Directions for this task >> Nothing should appear in the answer except the lines from the one with "자가드 웨이브로고 스트라이프" through the end of the listing below, transcribed exactly and without pictures.
── Data provided
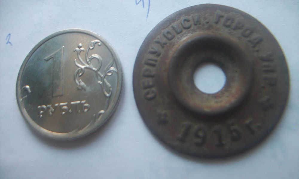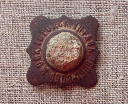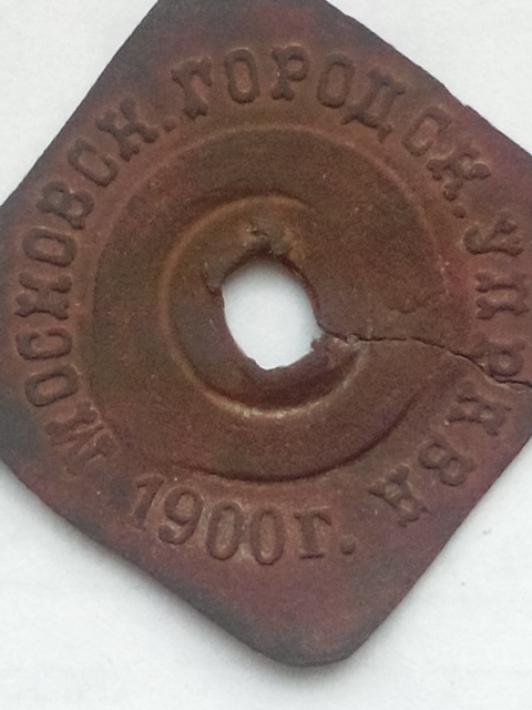 У меня тут нарисовалась ещё одна, треугольной формы, с изображением серпа и молота и надписью "1925 г. ТР ОТД М.К.Х." Отверстие по центру типичное для всех этих бирок. Место находки позже выясню, точно не в Москве! Это меня и смущает больше всего!
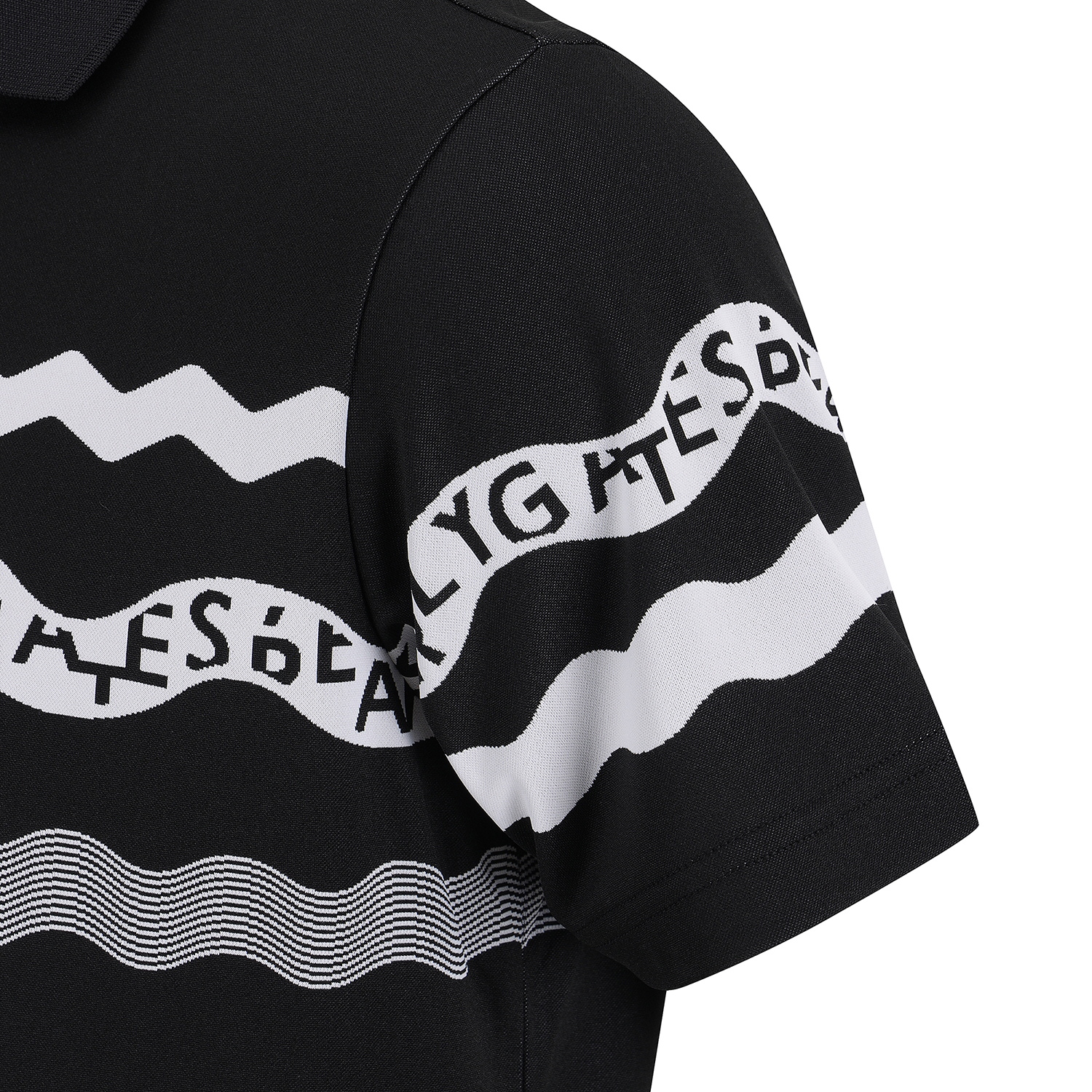 자가드 웨이브로고 스트라이프 반소매 셔츠.웨이브로고를 자가드로 표현한 고급스러운 반소매 폴로셔츠.
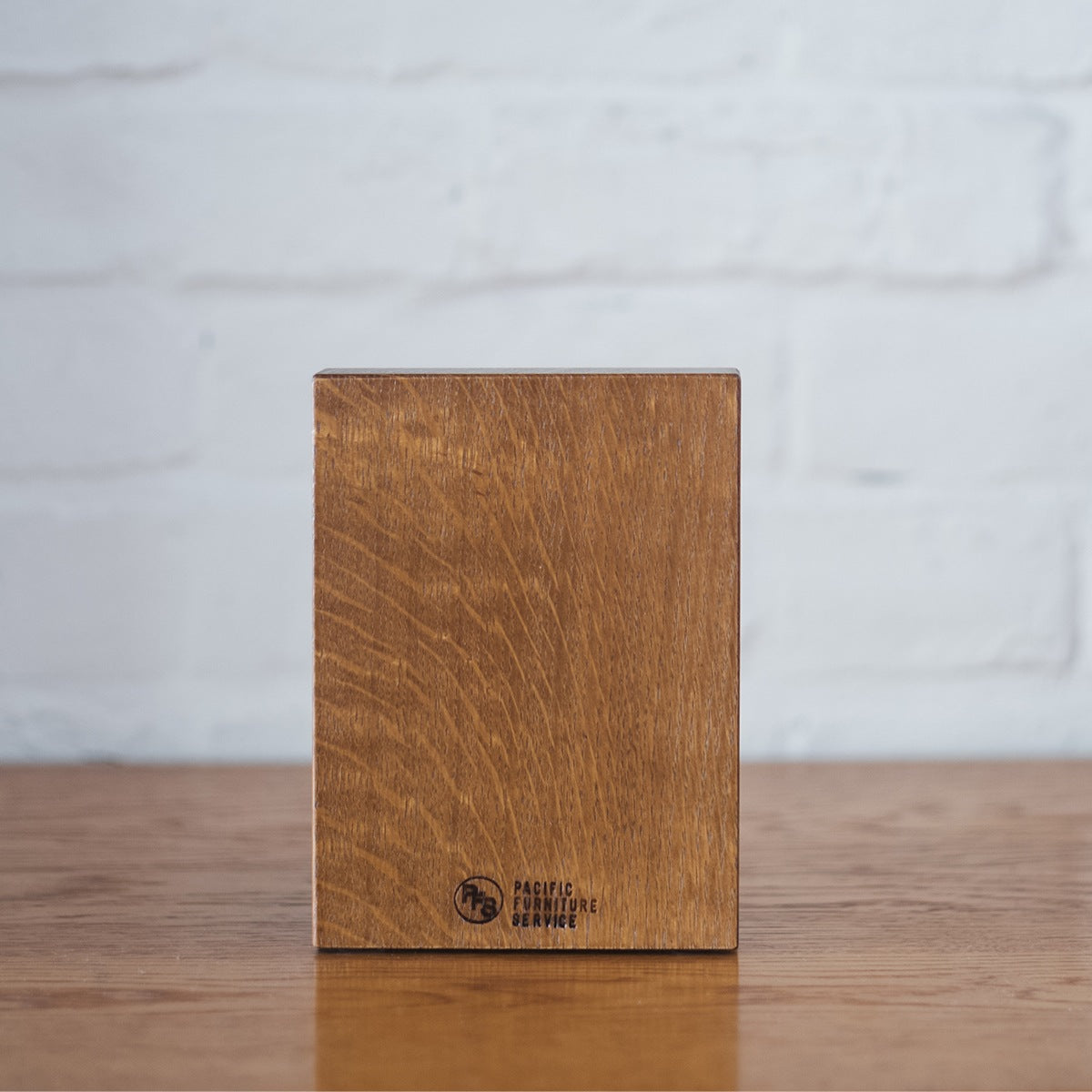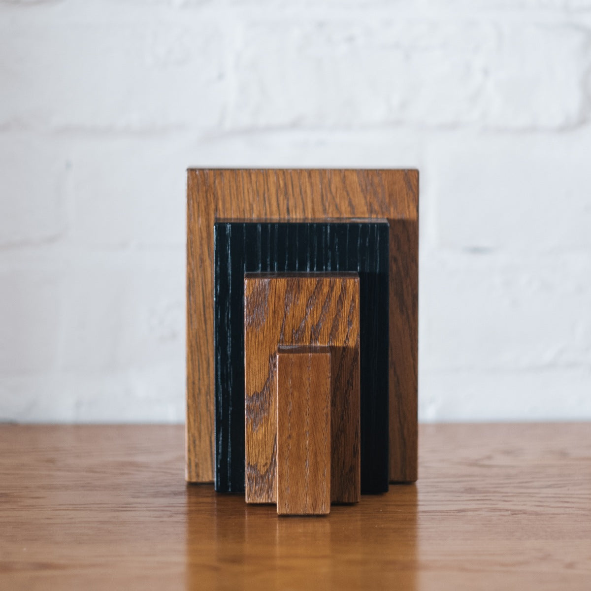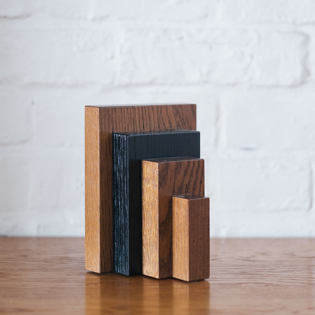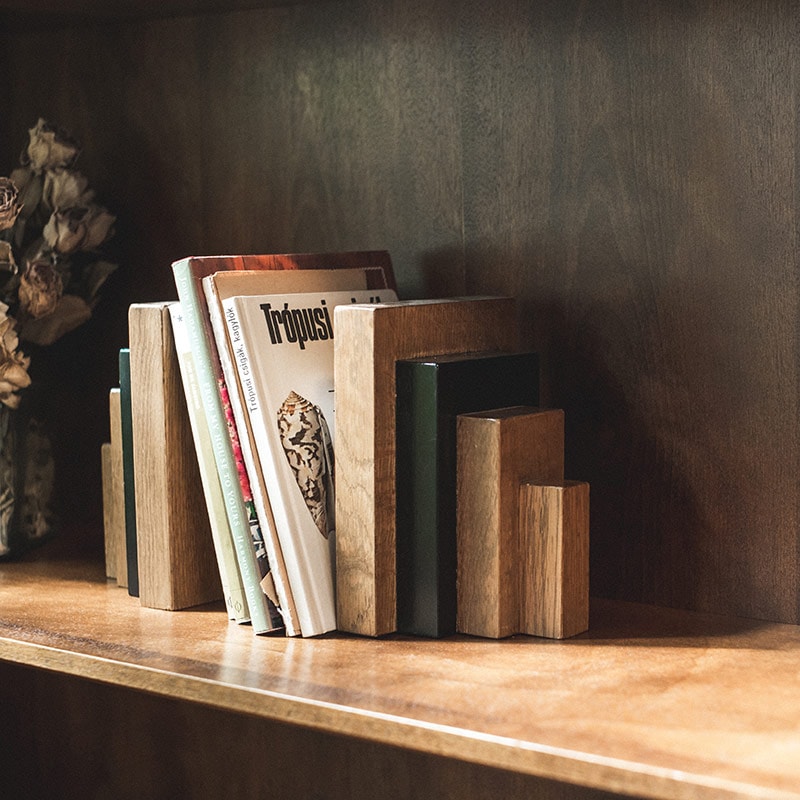 P.F.S. crafts original wooden bookends using leftover solid wood from the furniture making process.
────
Written solution >>
 자가드 웨이브로고 스트라이프 반소매 셔츠.웨이브로고를 자가드로 표현한 고급스러운 반소매 폴로셔츠.
 P.F.S. crafts original wooden bookends using leftover solid wood from the furniture making process.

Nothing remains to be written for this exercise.